Will is embraced, almost literally, by Ellie Burr (Hilary Swank), a puppyish Nightmute cop who has studied his most famous homicide investigations and looks to him as an acolyte looks to a doughnut-fueled guru. Ellie's not in drag or anything, but this is a pretty boy-like role; perhaps after her disastrous performance in "The Affair of the Necklace" Swank is more at peace with the androgyny that seems central to her screen persona. It's interesting, in fact, that there's no sexual or romantic undertone to Ellie's relationship with Will (or for that matter anywhere else in this supremely chaste film).

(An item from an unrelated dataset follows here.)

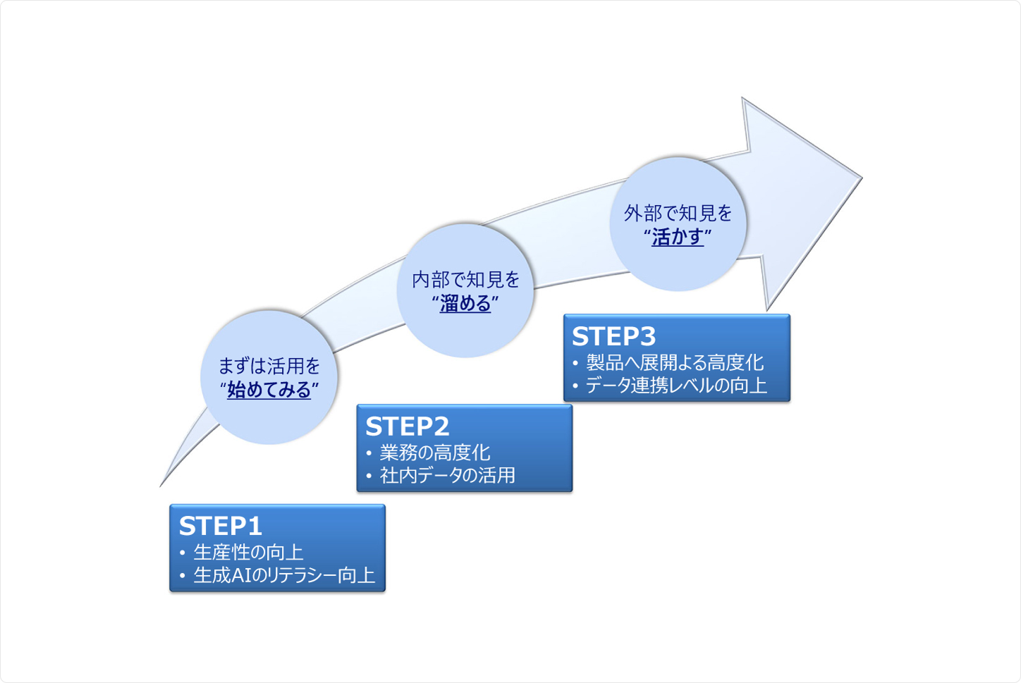ステップ1では、生成AIそのものを活用して生産性の向上を図るとともに、リテラシーおよび基本的な使い方の習得を目的にしている。

Speaking of the Nightmute killer, Will tells the worshipful Ellie, "This guy crossed the line and didn't even blink. You don't come back from that." Briefly, in a few early scenes that seem to reveal very little, Nolan and Seitz put everything in "Insomnia" on the table. Will and his partner Hap (Martin Donovan) have been exiled to Alaska while a police corruption scandal, in which both may be implicated, unfolds in California. Ellie will have to decide whether Will is really the man she thinks he is, or is in fact a guy who crossed the line and can't come back. Bedeviled by the sun that never sets and by whatever's buzzing in his head, Will can't sleep.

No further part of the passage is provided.